The other strand sees those same officials observing the sideshow in Westminster with something approaching horror. “We’re watching and we’re saying, pull yourselves together,” one official said on Thursday. From them, the message is clear: this sort of chaos isn’t helping anyone.

That’s why other potential scenarios are starting to emerge. As Bloomberg reports today, some diplomats are now seriously considering whether the U.K. needs to stay in the EU a while longer, just to get the negotiations finished. In London, Parliament this week has been wrangling over whether it can wrest back influence over Brexit in the dying days of the two-year Article 50 period.
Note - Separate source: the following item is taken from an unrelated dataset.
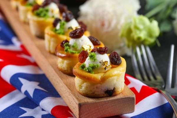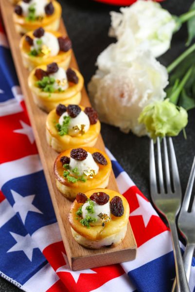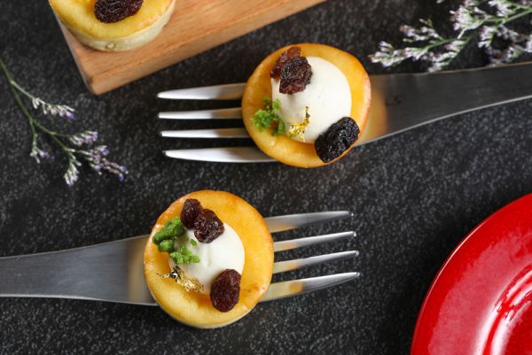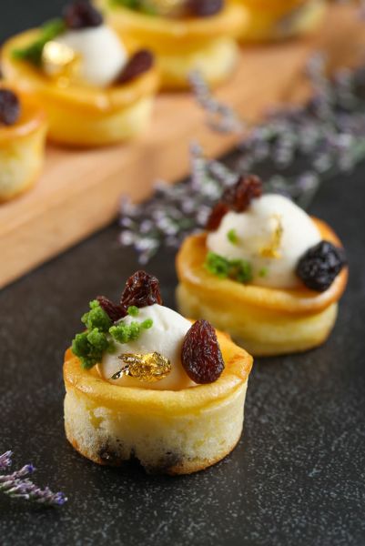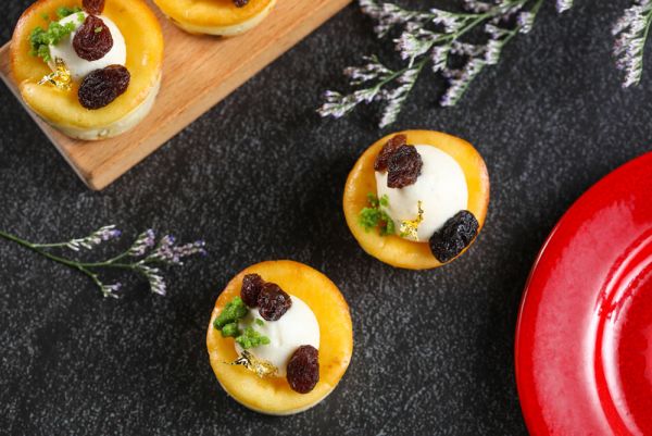 1. 先將奶油乳酪拿出來退冰後,加入糖粉 及香草莢打軟,讓其混合拌勻至無顆 粒狀態,再分2-3次加入優格後加入全 蛋,然後將麵粉過篩後加入動物鮮奶油 拌勻,最後加入加州葡萄乾。

If it does, and demands changes to the deal, what happens then?, the Europeans wonder.

May’s government now thinks some potential rebels are willing to support the prime minister, which should be enough to save the premier from a damaging defeat, according to two people familiar with the negotiations.

Nevertheless, EU-27 diplomats point out that no-deal contingency planning has been stepped up in some of the countries most likely to be affected.

After a week of drama in Westminster, Brussels is getting twitchy again. 

Today’s Must-Reads

Brexit in Brief

Defending a Position | U.K. participation in EU foreign policy should be allowed “on a case-by-case and exceptional basis” and only “where it significantly participates to the fulfillment of the Union’s level of ambition,” the European Commission said on Thursday, dashing British hopes of deeper cooperation. 

Risk Warning | Ireland’s central bank Deputy Governor Sharon Donnery said that the risks arising from Brexit, especially a “hard” or disruptive Brexit, are far-reaching for Ireland. She said the “window of opportunity for resolving a range of issues for firms is closing fast and contingency plans need to be fully prepared.”

And So It Begins | More Polish nationals are returning home from the U.K. this year than settling there, reversing a long trend which brought more than a million Poles to Britain. Jonathan Knott, Britain’s ambassador to Poland, told Rzeczpospolita that the net outflow isn’t significant so far, but that the British economy could suffer if it accelerates. Aside from Brexit, Poles are being lured back home by record-low unemployment and the fastest wage growth in six years.

On the Slide | The British public thinks Theresa May is handling Brexit worse than at any point since she became prime minister, according to a new poll for The Times. The survey indicates just 21 per cent believe that the government is doing well in the negotiations, with 66 per cent saying it’s doing badly. 

Wrong Note | A rare Brexit Bulletin foray into matters ecclesiastical. Today’s Church Times tells us that the congregation of St Mary’s, an 11th-century church in Maldon, Essex, in the south of England, blames Brexit for their decision to abandon plans to buy a new organ. The church spent 10 years fundraising for a 245,000-euro Bavarian-built instrument, but now fear 20 percent VAT could be added to the bill after Brexit. “We could claim that back currently, but we won’t be able to after Brexit,” St Mary’s director of music Colin Baldry told Church Times. “We couldn’t take the risk.” British organ-builders currently make between 10 and 15 organs each year, the paper says.